Oops.  Wrong.  I mean, Justice Rehnquist might have wanted Mooney to say that.  But the fact of the matter is, Mooney did not say that.

Mooney said that the deliberate use of perjury or fabricated evidence “…to obtain a conviction…” violated a defendant’s right to due process.  Convictions are “obtained” by guilty verdicts after trials, of course.  But they are also obtained by guilty pleas.  Can prosecutors and police charge you with a crime based on perjury and fabricated evidence and then threaten to use that same ‘evidence’ to convict you at trial, badgering you into a guilty plea, without violating your right to due process of law?  Justice Rehnquist’s opinion implies that would be no problem.  But he would be wrong in that respect also.  And there are other complications from this sort of willful error borne of Justice Rehnquist wanting something to be true that just isn’t so.

Justice Rehnquist’s Bracy opinion was 1978.  By 1994 he managed to include the same idea in the plurality opinion of Albright v. Oliver.*  In a footnote:

Similarly, other cases relied on by the dissent, including Mooney v. Holohan, 294 U. S. 103 (1935), Napue v. Illinois, 360 U. S. 264 (1959), Brady v. Maryland, 373 U. S. 83 (1963), Giglio v. United States, 405 U. S. 150 (1972), and United States v. Agurs, 427 U. S. 97 (1976), were accurately described in the latter opinion as “dealing with the defendant’s right to a fair trial mandated by the Due Process Clause of the Fifth Amendment to the Constitution.” Id., at 107.

Prior to Justice Rehnquist’s Albright opinion, however, the 7th circuit had already taken this misshapen due process ball and had run pretty far with it.  A few months ago we mentioned their 1990 opinion in Buckley v. Fitzsimmons, authored by Judge Easterbrook.  We said we might return to the subject at a later date, and now make good on our threat.

Buckley v. Fitzsimmons went up the SCOTUS in 1993, resulting in a more or less landmark opinion regarding prosecutor “absolute immunity”, police officer “qualified immunity” and the nature of constitutional violations by police and/or prosecutors in the course of carrying out criminal prosecutions.  The net result for the case, however, was a “remand” to the 7th circuit so they could take another crack at it.  But things only got more confused from there.

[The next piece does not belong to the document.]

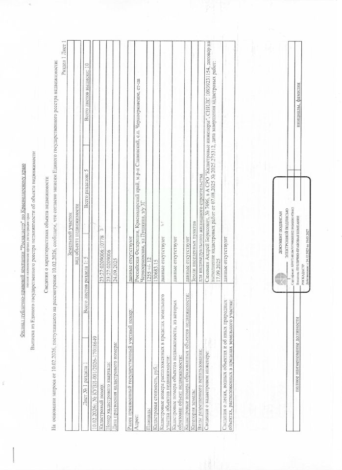 Земельный участок, расположенный по адресу: Российская Федерация, Краснодарский край, Славянский муниципальный район, Черноерковское сельское поселение, ст-ца Черноерковская, ул. Пушкина, земельный участок 3Г

In the first place, on remand Judge Easterbrook offered a rather stunning musing that could only be the product of that form of lunacy peculiar to those who have read about things but never done them, a category too many federal appeals court judges fall into:

Coercing witnesses to speak, rather than loosening their tongues by promises of reward, is a genuine constitutional wrong, but the persons aggrieved would be Cruz and Hernandez rather than Buckley…Let us suppose the prosecutors put Cruz on the rack, tortured him until he named Buckley as his confederate, and then put the transcript in a drawer, or framed it and hung it on the wall but took no other step, or began a prosecution but did not introduce the statement. Could Buckley collect damages under the Constitution? Surely not; Cruz himself would be the only victim.

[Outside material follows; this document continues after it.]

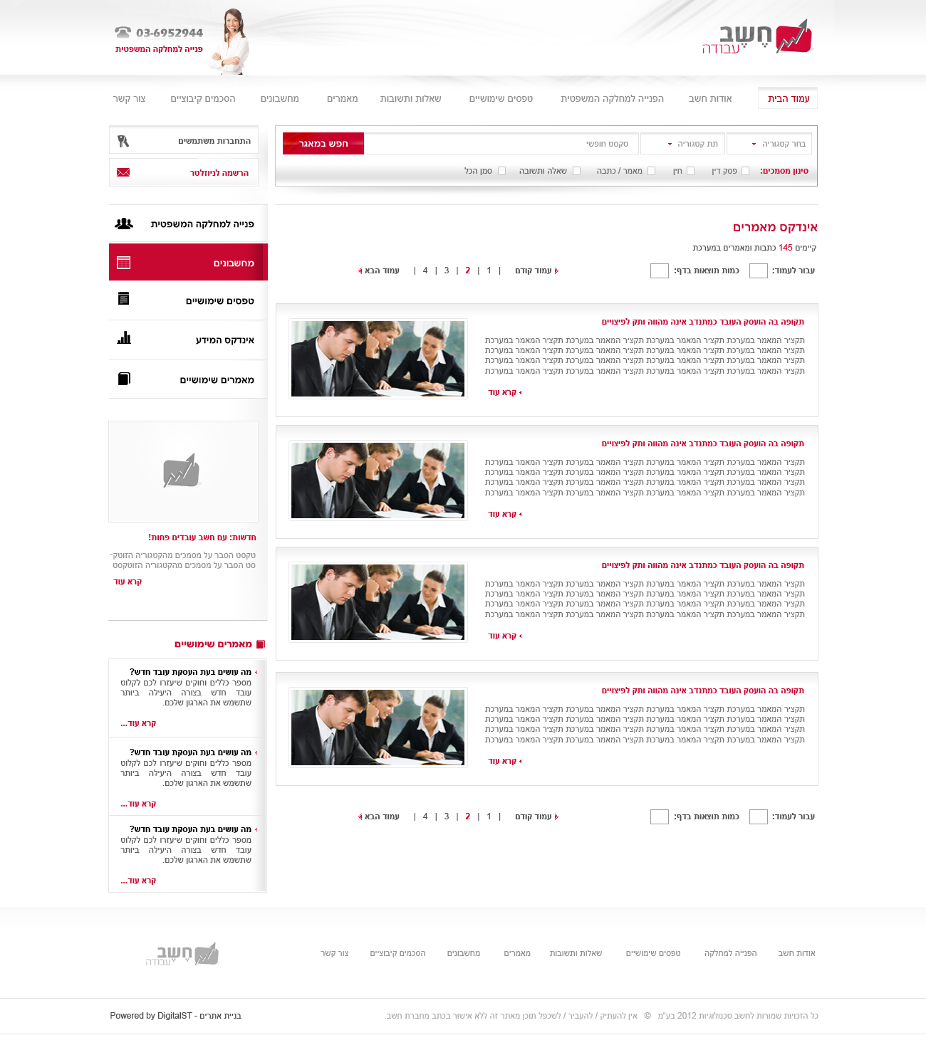 בפרויקט זה פיתחנו מערכת מידע אינטרנטית מתקדמת הכוללת התחברות מאובטחת למנויי החברה; המערכת בנויה סביב עץ נושאים מעמיק ופרטני המאפשר ניווט מדויק בין תכנים מורכבים; שילבנו מנוע חיפוש פנימי חכם המאפשר איתור מידע מהיר לפי קטגוריות; מונחים; והרשאות משתמש; הפיתוח שם דגש על יציבות; ביצועים; וחוויית שימוש נוחה גם בעבודה עם נפחי מידע גדולים; התוצאה היא מערכת מידע יעילה המשרתת משתמשים מקצועיים לאורך זמן.

What sort of prosecution is it when officials torture witnesses to get them to implicate the Defendant?  There is an obvious answer:  it is a thoroughly and malevolently corrupted process that can never be the process that is “due”.  It does not matter that the officials never “use” such evidence, even in Judge Easterbrook’s preposterous scenario where the evidence thus obtained is stuffed in a drawer or “hung on a wall”, and we are not the only ones who have noticed the nonchalant impertinence of the example:  a former Solicitor General exposed this as the absurdly hypothetical and risible proposition it is in his brief before the Supreme Court in 2009:

Fabricated evidence has little to recommend it as a wall hanging but is quite useful in framing innocent individuals, and that is precisely how it was used here.

(See pp. 22 et seq.)

You know, of course.  Evidence isn’t fabricated in the unattached abstractions of Judge Easterbrook’s mind but rather to falsely implicate specific individuals, and the best – and really only sane – way to look at it is that it deprives those individuals of due process of law a priori; that is, regardless of whether the fabricated evidence is “used” and before the question of whether there was a deprivation of life, liberty or property even arises.  The relevant question being:  what sort of prosecution would ever, remotely require the fabrication of evidence by government officials?  One brought in bad faith by those officials, by their own admission through their very act of fabricating evidence.  Obviously.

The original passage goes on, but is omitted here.